BEGIN

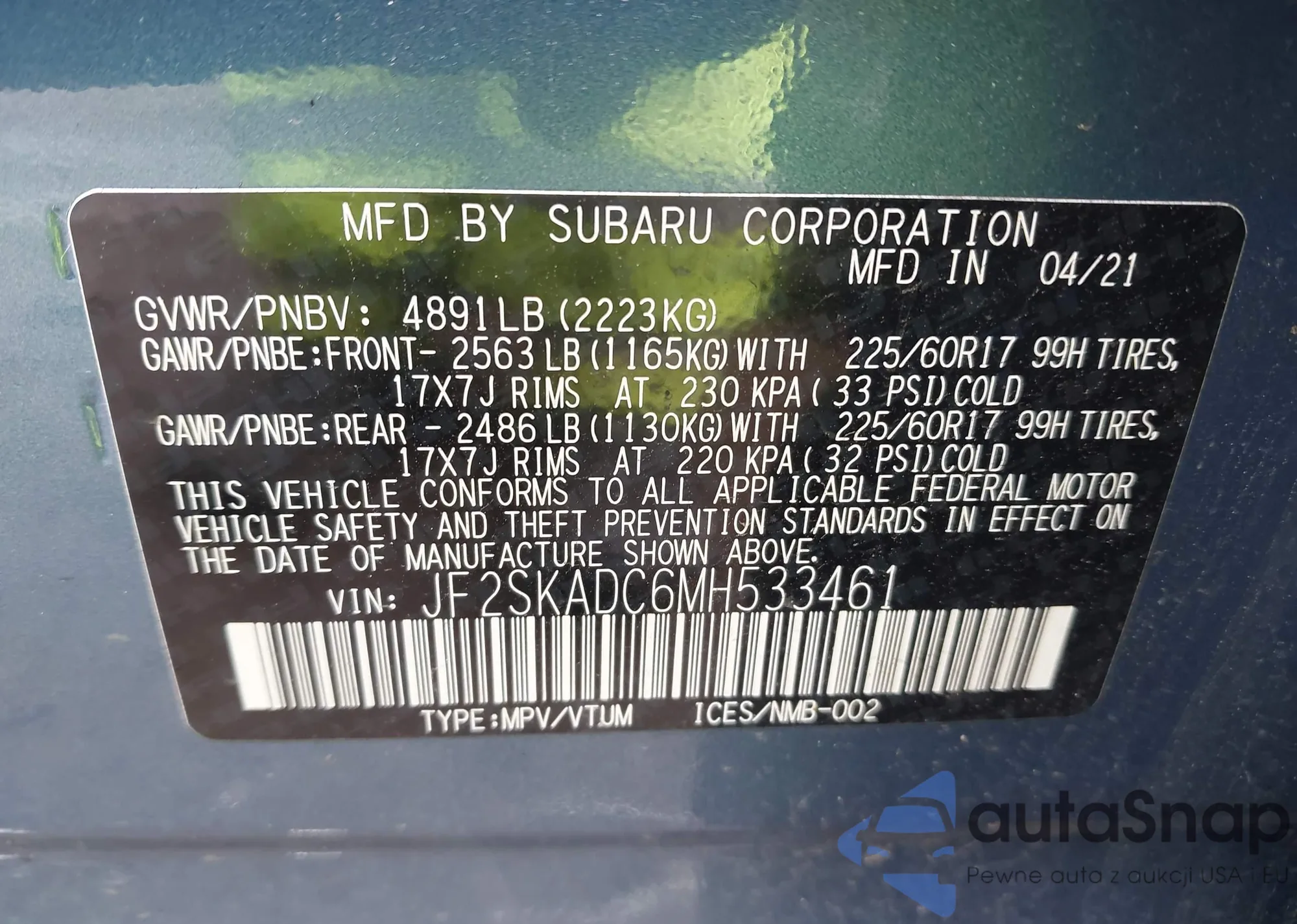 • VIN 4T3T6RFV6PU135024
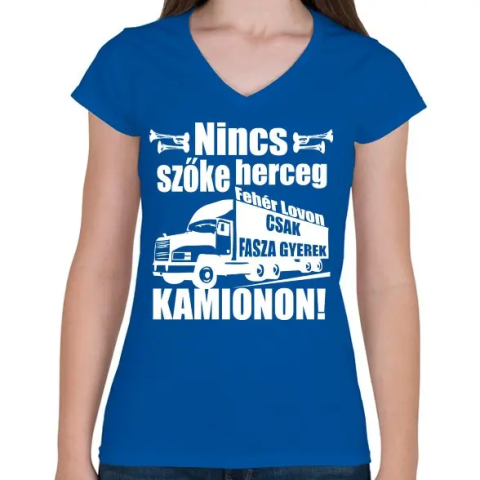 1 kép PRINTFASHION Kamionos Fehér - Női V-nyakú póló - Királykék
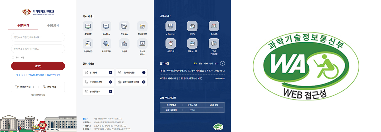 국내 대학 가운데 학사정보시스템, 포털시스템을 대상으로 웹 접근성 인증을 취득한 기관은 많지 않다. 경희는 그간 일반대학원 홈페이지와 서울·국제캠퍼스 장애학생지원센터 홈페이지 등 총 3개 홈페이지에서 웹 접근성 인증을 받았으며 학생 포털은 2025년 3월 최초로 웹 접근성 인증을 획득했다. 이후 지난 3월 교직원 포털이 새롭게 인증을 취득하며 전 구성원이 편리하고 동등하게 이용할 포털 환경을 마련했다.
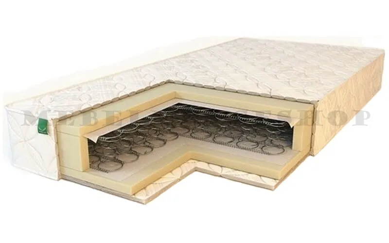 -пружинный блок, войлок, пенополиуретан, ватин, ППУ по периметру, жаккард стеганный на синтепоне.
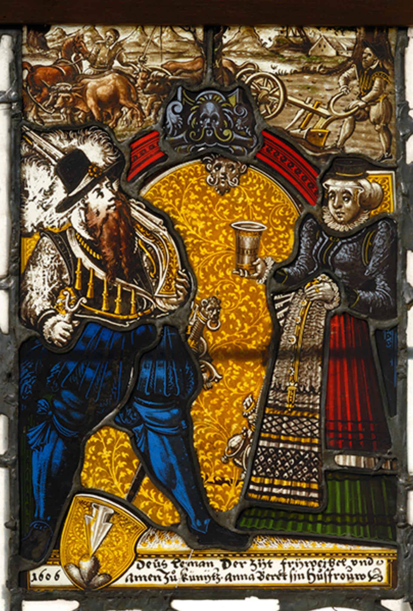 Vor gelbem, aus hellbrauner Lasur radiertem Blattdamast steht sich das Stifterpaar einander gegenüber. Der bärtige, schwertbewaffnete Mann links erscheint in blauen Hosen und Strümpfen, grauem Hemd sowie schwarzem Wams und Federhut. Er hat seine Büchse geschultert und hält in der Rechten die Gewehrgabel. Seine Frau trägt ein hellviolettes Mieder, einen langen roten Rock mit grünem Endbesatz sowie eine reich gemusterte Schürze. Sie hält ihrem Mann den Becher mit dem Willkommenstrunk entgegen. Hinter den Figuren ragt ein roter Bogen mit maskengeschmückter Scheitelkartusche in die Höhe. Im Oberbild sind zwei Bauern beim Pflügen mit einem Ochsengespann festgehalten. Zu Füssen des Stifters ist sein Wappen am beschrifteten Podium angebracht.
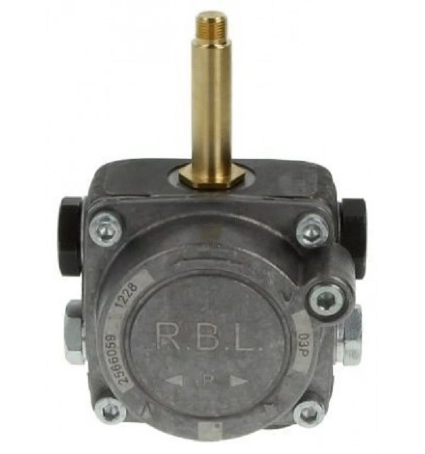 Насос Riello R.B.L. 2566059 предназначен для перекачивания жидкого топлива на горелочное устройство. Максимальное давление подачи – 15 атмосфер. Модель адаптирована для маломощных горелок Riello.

END
BEGIN

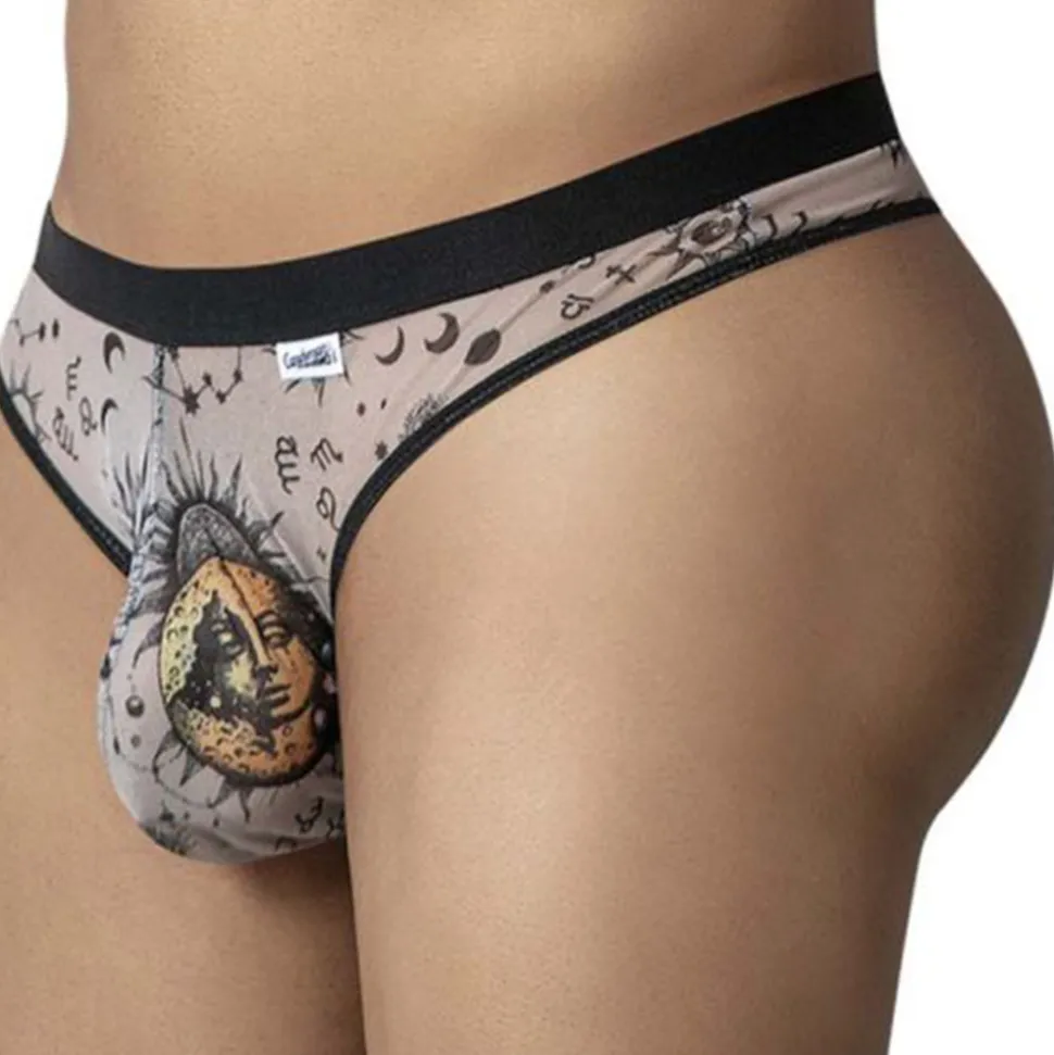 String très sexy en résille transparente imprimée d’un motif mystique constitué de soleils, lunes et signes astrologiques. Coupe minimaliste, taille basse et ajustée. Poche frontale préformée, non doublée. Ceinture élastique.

END

Nothing outside the stretch above, from the line with "국내 대학 가운데 학사정보시스템, 포털시스템을" through the line with "Насос Riello R.B.L.", is set down. Transcribe that stretch exactly, ends included, but not its pictures.

*Reply to the task*.
 국내 대학 가운데 학사정보시스템, 포털시스템을 대상으로 웹 접근성 인증을 취득한 기관은 많지 않다. 경희는 그간 일반대학원 홈페이지와 서울·국제캠퍼스 장애학생지원센터 홈페이지 등 총 3개 홈페이지에서 웹 접근성 인증을 받았으며 학생 포털은 2025년 3월 최초로 웹 접근성 인증을 획득했다. 이후 지난 3월 교직원 포털이 새롭게 인증을 취득하며 전 구성원이 편리하고 동등하게 이용할 포털 환경을 마련했다.
 -пружинный блок, войлок, пенополиуретан, ватин, ППУ по периметру, жаккард стеганный на синтепоне.
 Vor gelbem, aus hellbrauner Lasur radiertem Blattdamast steht sich das Stifterpaar einander gegenüber. Der bärtige, schwertbewaffnete Mann links erscheint in blauen Hosen und Strümpfen, grauem Hemd sowie schwarzem Wams und Federhut. Er hat seine Büchse geschultert und hält in der Rechten die Gewehrgabel. Seine Frau trägt ein hellviolettes Mieder, einen langen roten Rock mit grünem Endbesatz sowie eine reich gemusterte Schürze. Sie hält ihrem Mann den Becher mit dem Willkommenstrunk entgegen. Hinter den Figuren ragt ein roter Bogen mit maskengeschmückter Scheitelkartusche in die Höhe. Im Oberbild sind zwei Bauern beim Pflügen mit einem Ochsengespann festgehalten. Zu Füssen des Stifters ist sein Wappen am beschrifteten Podium angebracht.
 Насос Riello R.B.L. 2566059 предназначен для перекачивания жидкого топлива на горелочное устройство. Максимальное давление подачи – 15 атмосфер. Модель адаптирована для маломощных горелок Riello.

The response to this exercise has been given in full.